X-Powered-By: ASP.NET
Date: Mon, 20 Oct 2014 13:03:17 GMT
Content-Length: 6531
<!DOCTYPE html PUBLIC "-//W3C//DTD XHTML 1.0 Strict//EN" "http://www.w3.org/TR/xhtml1/DTD/xhtml1-strict.dtd">
<html xmlns="http://www.w3.org/1999/xhtml">
<head>
<title>IIS 7.5 Detailed Error - 401.1 - Unauthorized</title>
I think you are mixing up IIS built-in basic authentication with your own custom authentication module. The short answer is to disable Basic Authentication in IIS and enable Anonymous. This will pass all the auth work onto asp.net.
If your are testing in VS I'm assuming you are doing so via a browser that is auto launched when you hit F5.
With basic auth turned on IIS initially responds with a 401 which causes the browser to display the login form.
The credentials you enter there have to be valid windows credentials, which IIS validates against your windows accounts.
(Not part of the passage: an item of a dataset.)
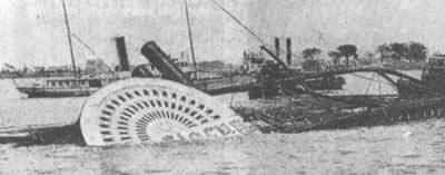 纽约港湾中的『斯洛克姆将军号』游船残骸1904年6月24日,当大火烧毁『斯洛克姆将军』号游船时,快乐的旅游变成了一场灭顶之灾。现场共发现693具尸体。据估计,死亡人数多达1000名,大多数死难者是妇女和儿童,他们是

Once IIS has validated these credentials it will pass the request along to your code.
If you enter valid windows credentials the event is raised but your code will reject it because the credentials are not test/test and return a 401.1
If you enter test/test then IIS is rejecting the credentials and sends back a 401 so your event is never called.
Final word: You should be testing your web service using an http client (e.g. unit test with System.Net.WebClient), or use a chrome plugin (postman/devhttp) to test at the http level. If you are already doing this then forgive my assumption.